The diet also limits how much red meat and highly processed discretionary foods like sweets and fast food are eaten.
So far there is good observational evidence to link this type of dietary pattern with reducing the risk of cognitive decline. For example, an Australian study of 1,220 adults aged 60 years and over without dementia who were followed for 12 years found a 19 percent reduced odds of developing mild cognitive impairment or dementia for those people adhering closely to what a MIND diet advocates for. And this benefit was much greater than what was seen in people just following the principles of a Mediterranean-style diet alone.
Intervention studies with a MIND diet are now beginning to be published. Positive results were seen in a trial of cognitive performance and brain structure in healthy women who were obese. However, a more recent longer-term study that ran for 3 years in healthy adults with a family history of dementia failed to show a difference on cognition or brain structure in those who followed the MIND diet compared to a control group. However, in that last study, a key aspect was that the diets of both groups were designed to provide a mild level of calorie restriction meaning weight loss was seen in both groups. This could have masked direct benefits from the diet itself as both groups actually saw similar improvements in cognition over the study.
And final mention goes to our gut microbiota which, as you can probably guess, changes with older age, especially over the age of 80 where diet, lifestyle and other factors have the biggest impact on health. The ageing microbiota, like the ageing person, suffers from reduced resilience. And there is now some research to show that there could also be a healthy microbiome fingerprint linked to improved health and longevity, though this is certainly a very nascent area.
What it all means
Some aspects of ageing may be inevitable, but the risk of specific age-related diseases and disability may, in part, be modified by dietary choices. This means that nutrition becomes even more important in older age when you consider how many barriers can arise to eating well.

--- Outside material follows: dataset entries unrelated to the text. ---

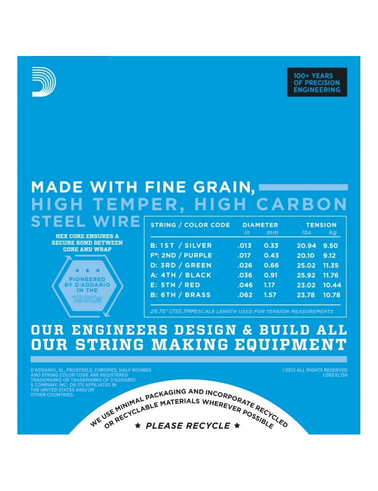 XL Nickel Wound, le corde D'Addario più popolari per chitarra elettrica, avvolte con precisione in nickelplated steel su un’anima a forma esagonale. Il risultato: corde di lunga durata con caratteristico tono brillante e ottima intonazione, l'ideale per la più ampia varietà di chitarre e stili musicali. Progettato per la moderna e più corta scala delle chitarre elettriche baritono, il set EXL158 è anche un'eccellente soluzione per un profondo down-tuning.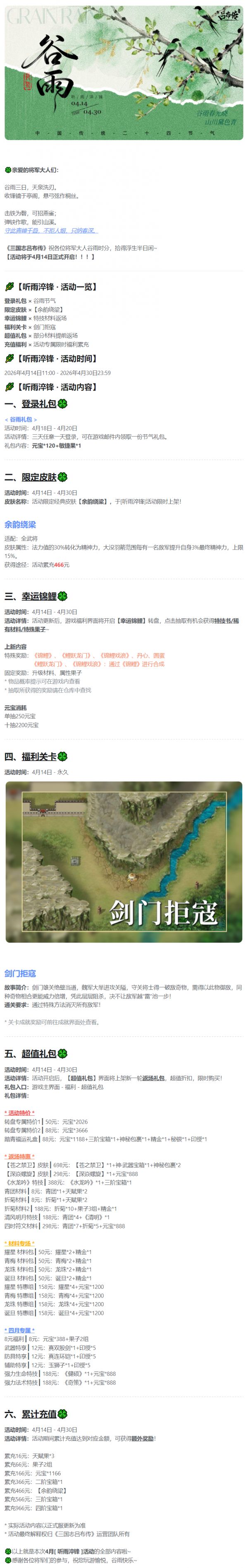《三国志吕布传》4月活动丨万物生辉
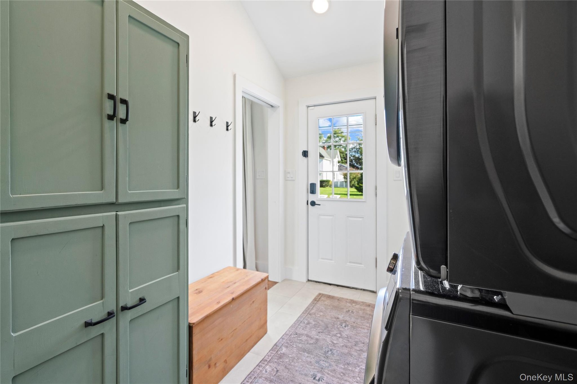 - Doorway featuring tile patterned floors, washer / clothes dryer, and recessed lighting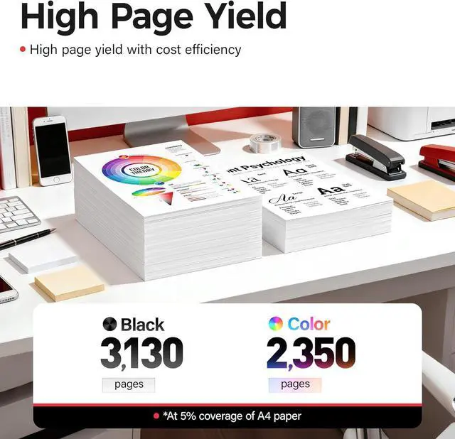 High-Yield Page Output: 067h Black prints up to 3,130 pages per black cartridge, and 067h color cartridges up to 2,350 pages each at 5% coverage, ideal for home office and small business use.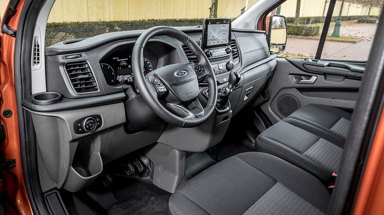 A merész, új orr-résszel kialakított egytonnás áruszállító ideális mobil irodai környezetet kínál felhasználói számára, s a teljesen újratervezett kabinban kategóriaelső tárolóhelyek, magasabb szintű komfort és ergonómia várja a vezetőt, nem beszélve a SYNC 3 vagy a MyFord Dock opciók által nyújtott egyszerű és praktikus csatlakozási lehetőségekről. A fejlett technológiák hosszú sorában a haszongépjárművek közt elsőként bevezetett Intelligens Sebesség Határoló is megtalálható.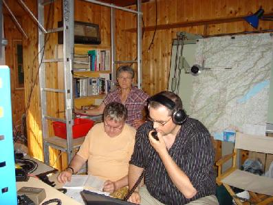 Un travail d’équipe : Dominique F1DLW cherche à faire le contact sur 144 MHz tandis que Jean Michel "trafique" sur 432 MHz.
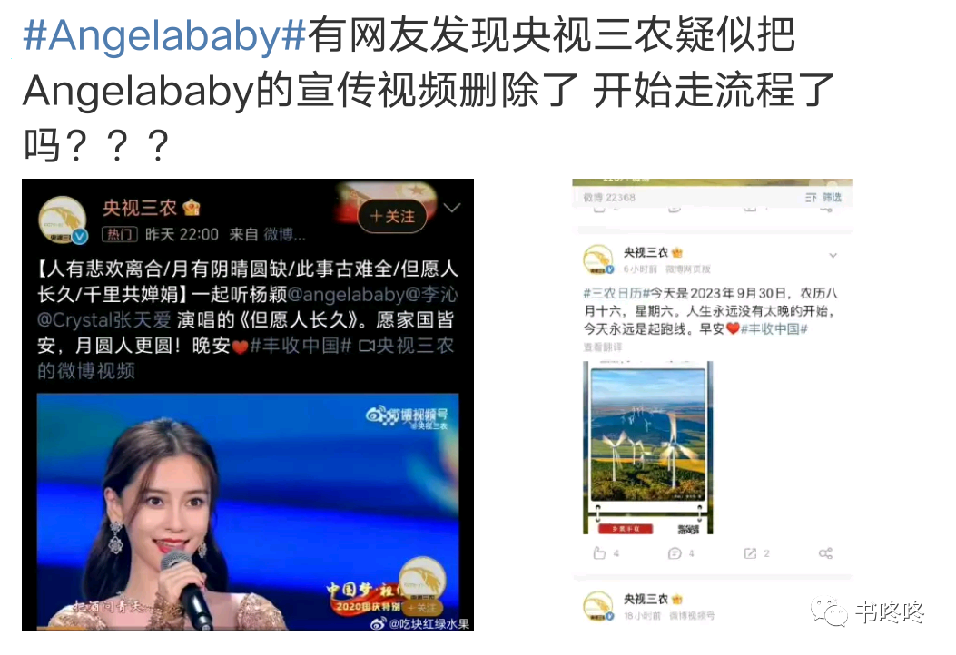 有网友发现,在事情爆出的时候,央视三农已经删除了有关杨颖与中秋节的物料。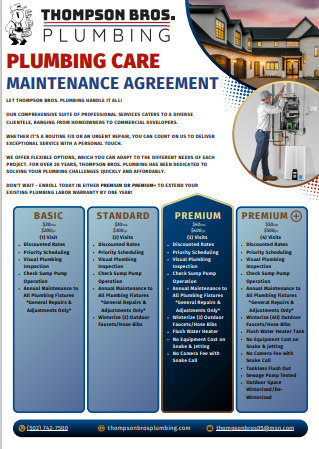 and void. Thompson bros. Plumbing LLC will repair and maintain equipment covered by this Agreement. However, this is not an

Two of the most important aspects of ageing well come from regular resistance exercise and meeting a higher goal for protein which together can help fight against age-related loss of muscle mass. Furthermore, increasing evidence suggests that a variant around the theme of a Mediterranean-style diet that is high in fruit (especially berries), nuts, legumes, fish and vegetables may reduce the risk of both mild cognitive impairment and dementia along with improving gut microbiota health. The theme of this style of eating can be adapted to any person’s dietary preferences or cultural background and is not a way of eating that should be changed to in older age, but instead to be adopted earlier in life.
Stacey says
Great blog post on the importance of modifications to lifestyle – changes to diet and exercise can see improvements to health in the aging populations. I also love the reference to papers where we can get more information on the studies. Thanks Tim
Ide-marie Venter says
I’m a dietitian and love the way you combine tons of research and make it easily understandable. Love your work!